Polygenic risk scores (PRS) aim to predict a trait from genetic information, relying on common genetic variants with low to medium effect sizes. As genotype data are high-dimensional in nature, it is crucial to develop methods that can be applied to large-scale data (large $n$ and large $p$ ). Many PRS tools aggregate univariate summary statistics from genome-wide association studies into a single score. Recent advancements allow simultaneous modeling of variant effects from individual-level genotype data. In this context, we introduced snpboost, an algorithm that applies statistical boosting on individual-level genotype data to estimate PRS via multivariable regression models. By processing variants iteratively in batches, snpboost can deal with large-scale cohort data. Having solved the technical obstacles due to data dimensionality, the methodological scope can now be broadened-focusing on key objectives for the clinical application of PRS. Similar to most methods in this context, snpboost has, so far, been restricted to quantitative and binary traits. Now, we incorporate more advanced alternatives-targeted to the particular aim and outcome.

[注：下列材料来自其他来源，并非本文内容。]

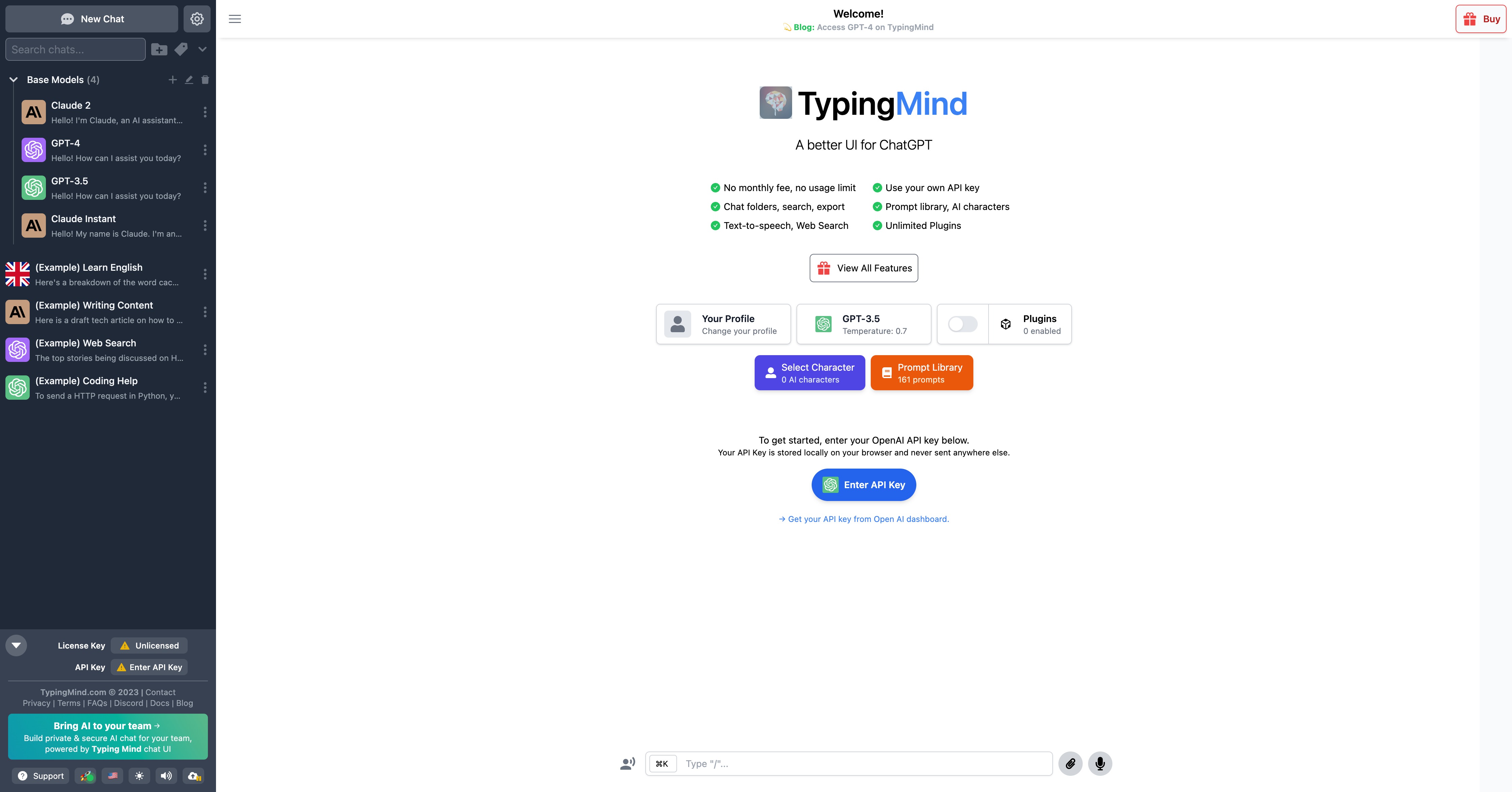 Introducing TypingMind, an advanced AI tool meticulously designed to elevate the performance of ChatGPT. With TypingMind, users can experience faster response times, integrated research tools, and a vast prompt library, setting it apart from other chatbots in the market. What makes TypingMind truly unique is its ability to run software locally, ensuring the utmost privacy and security without the need for login credentials. By leveraging TypingMind, users gain access to their search history and unlock enhanced conversation effectiveness. To get started with TypingMind, simply enter your OpenAI API key, enabling seamless connectivity to the powerful GPT-3.5-turbo model. Whether you’re a business professional or an individual seeking cutting-edge AI solutions, TypingMind is the ultimate choice for unlocking powerful AI capabilities.

Adapting the loss function extends the snpboost framework to further data situations such as time-to-event and count data. Furthermore, alternative loss functions for continuous outcomes allow us to focus not only on the mean of the conditional distribution but also on other aspects that may be more helpful in the risk stratification of individual patients and can quantify prediction uncertainty, for example, median or quantile regression. This work enhances PRS fitting across multiple model classes previously unfeasible for this data type.

查看原文本刊更多论文

通过提升目标损失函数在大型队列研究中建立遗传预测模型

多基因风险评分（PRS）的目的是从遗传信息中预测性状，依靠的是中低效应量的常见基因变异。由于基因型数据是高维数据，因此开发适用于大规模数据（大 n$ n$ 和大 p$ p$ ）的方法至关重要。许多 PRS 工具将全基因组关联研究中的单变量汇总统计汇总为一个分数。最近的研究进展允许同时对来自个体水平基因型数据的变异效应建模。在这种情况下，我们引入了 snpboost，这是一种在个体水平基因型数据上应用统计增强的算法，通过多变量回归模型来估计 PRS。通过分批迭代处理变异，snpboost 可以处理大规模队列数据。在解决了数据维度带来的技术障碍后，现在可以扩大方法论的范围，重点关注 PRS 临床应用的关键目标。与这方面的大多数方法类似，迄今为止，snpboost 也仅限于定量和二元性状。现在，我们针对特定的目标和结果采用了更先进的替代方法。调整损失函数可将 snpboost 框架扩展到更多数据情况，如时间到事件和计数数据。此外，连续结果的替代损失函数使我们不仅能关注条件分布的均值，还能关注其他方面，这些方面可能更有助于对个体患者进行风险分层，并能量化预测的不确定性，例如中位数或量子回归。这项工作增强了以前对这种数据类型不可行的多个模型类别的 PRS 拟合能力。

本文章由计算机程序翻译，如有差异，请以英文原文为准。

求助全文

约1分钟内获得全文求助全文

来源期刊

Statistics in Medicine 医学-公共卫生、环境卫生与职业卫生

CiteScore

3.40

自引率

10.00%

发文量

334

审稿时长

2-4 weeks

期刊介绍： The journal aims to influence practice in medicine and its associated sciences through the publication of papers on statistical and other quantitative methods. Papers will explain new methods and demonstrate their application, preferably through a substantive, real, motivating example or a comprehensive evaluation based on an illustrative example. Alternatively, papers will report on case-studies where creative use or technical generalizations of established methodology is directed towards a substantive application. Reviews of, and tutorials on, general topics relevant to the application of statistics to medicine will also be published. The main criteria for publication are appropriateness of the statistical methods to a particular medical problem and clarity of exposition. Papers with primarily mathematical content will be excluded. The journal aims to enhance communication between statisticians, clinicians and medical researchers.